The creator of Flipper, Ivan Tors teamed up with the director of I Was a Teenage Frankenstein, Herbert L. Strock for this sporadically amusing 3-D Sci-Fi horror thriller.  Scientists working to cryogenically freeze monkeys for a top-secret space project become victims of their own work when the machine malfunctions and freezes them to death.  Richard Egan (from Love Me Tender) is sent to the underground facility to investigate the accident.  More scientists die in freak accidents and it’s up to Egan to figure out if it’s the work of saboteurs, or if the facility’s resident super-intelligent robots, Gog and Magog have obtained a murderous mind of their own.

Gog is slow to start.  Egan kind of makes for a dull lead, and the fact that most of the dialogue is filled with a lot of scientific gobbledygook doesn’t help either.  The mawkish romance scenes between Egan and Constance Dowling is stuffy too.  At least Herbert (The Fly) Marshall lends the flick some gravitas as the head of the project.
 

Once the robots get loose, the movie picks up in a hurry and becomes a lot of fun.  There’s also a great sequence that plays like a precursor to Moonraker’s G-Force simulator scene.  What makes the scene a blast is that the “high-tech” machine looks like a piece of kid’s playground equipment.  I will say the robots themselves don’t have much personality to them.  (They look like silver parking cones with a lot of flailing arms.)  Fortunately, the carnage they create in the last reel is memorable.

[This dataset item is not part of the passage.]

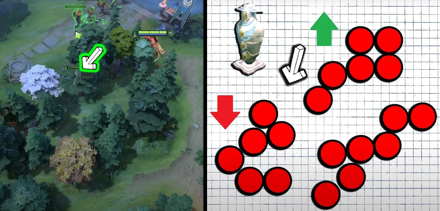 Если дайвите в лес, то делайте это только вдвоем. У этого леса есть два выхода, поэтому противник легко скроется от одного героя.

The 3-D is utilized well enough.  There’s plenty of separation between the actors and the background, so you always know you’re watching a real 3-D movie, and not haphazardly thrown together rush job.  That said, not a lot comes out at the screen.  The first shot is of a needle going into the audience’s eyeballs, which is always a good sign.  However, the use of in-your-face effects are only intermittent as the film goes on.  Luckily, the 3-D gags featured in the climax are simply awesome.  It almost makes sitting through an hour and change of science jargon worth it.  

Here’s a complete rundown of the 3-D effects:  

·         3-D Hypodermic Needle

·         3-D Flames 

·         3-D Tuning Forks

·         3-D Gog

·         3-D Magog

·         3-D Antenna

·         3-D Gun

·         3-D Flamethrower (multiple)

·         3-D Magog (again)

AKA:  Gog:  Space Station:  U.S.A.  AKA:  Gog, the Killer.